══ Records shown

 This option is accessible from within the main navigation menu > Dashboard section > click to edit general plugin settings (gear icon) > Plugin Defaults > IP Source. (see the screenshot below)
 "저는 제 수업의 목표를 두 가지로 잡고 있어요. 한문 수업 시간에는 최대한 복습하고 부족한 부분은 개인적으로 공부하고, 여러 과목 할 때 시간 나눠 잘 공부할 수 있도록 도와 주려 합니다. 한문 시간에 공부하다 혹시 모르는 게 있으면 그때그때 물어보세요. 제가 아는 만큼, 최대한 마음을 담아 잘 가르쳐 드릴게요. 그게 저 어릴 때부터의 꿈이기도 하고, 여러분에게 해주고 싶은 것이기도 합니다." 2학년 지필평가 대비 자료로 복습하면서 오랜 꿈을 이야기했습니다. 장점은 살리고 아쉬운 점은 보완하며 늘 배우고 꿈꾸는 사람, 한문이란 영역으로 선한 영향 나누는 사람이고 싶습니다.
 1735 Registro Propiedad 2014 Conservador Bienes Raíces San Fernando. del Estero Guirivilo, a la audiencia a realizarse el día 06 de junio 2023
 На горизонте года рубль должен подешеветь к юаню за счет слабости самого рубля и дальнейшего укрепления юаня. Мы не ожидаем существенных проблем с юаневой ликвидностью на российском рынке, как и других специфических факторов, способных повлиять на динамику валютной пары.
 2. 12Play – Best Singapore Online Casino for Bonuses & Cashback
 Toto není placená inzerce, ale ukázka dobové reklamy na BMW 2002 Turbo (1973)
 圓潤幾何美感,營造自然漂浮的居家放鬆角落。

════
══ Records shown

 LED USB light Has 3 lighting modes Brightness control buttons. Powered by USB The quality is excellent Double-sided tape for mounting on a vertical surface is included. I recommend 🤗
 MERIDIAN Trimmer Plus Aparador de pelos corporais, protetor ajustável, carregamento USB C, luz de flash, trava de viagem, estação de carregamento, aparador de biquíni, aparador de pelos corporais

════

What the exercise asks
Reproduce exactly the lines above from the line with "This option is" to the line with "圓潤幾何美感,營造自然漂浮的居家放鬆角落。", including both, and add nothing.

Exercise output
 This option is accessible from within the main navigation menu > Dashboard section > click to edit general plugin settings (gear icon) > Plugin Defaults > IP Source. (see the screenshot below)
 "저는 제 수업의 목표를 두 가지로 잡고 있어요. 한문 수업 시간에는 최대한 복습하고 부족한 부분은 개인적으로 공부하고, 여러 과목 할 때 시간 나눠 잘 공부할 수 있도록 도와 주려 합니다. 한문 시간에 공부하다 혹시 모르는 게 있으면 그때그때 물어보세요. 제가 아는 만큼, 최대한 마음을 담아 잘 가르쳐 드릴게요. 그게 저 어릴 때부터의 꿈이기도 하고, 여러분에게 해주고 싶은 것이기도 합니다." 2학년 지필평가 대비 자료로 복습하면서 오랜 꿈을 이야기했습니다. 장점은 살리고 아쉬운 점은 보완하며 늘 배우고 꿈꾸는 사람, 한문이란 영역으로 선한 영향 나누는 사람이고 싶습니다.
 1735 Registro Propiedad 2014 Conservador Bienes Raíces San Fernando. del Estero Guirivilo, a la audiencia a realizarse el día 06 de junio 2023
 На горизонте года рубль должен подешеветь к юаню за счет слабости самого рубля и дальнейшего укрепления юаня. Мы не ожидаем существенных проблем с юаневой ликвидностью на российском рынке, как и других специфических факторов, способных повлиять на динамику валютной пары.
 2. 12Play – Best Singapore Online Casino for Bonuses & Cashback
 Toto není placená inzerce, ale ukázka dobové reklamy na BMW 2002 Turbo (1973)
 圓潤幾何美感,營造自然漂浮的居家放鬆角落。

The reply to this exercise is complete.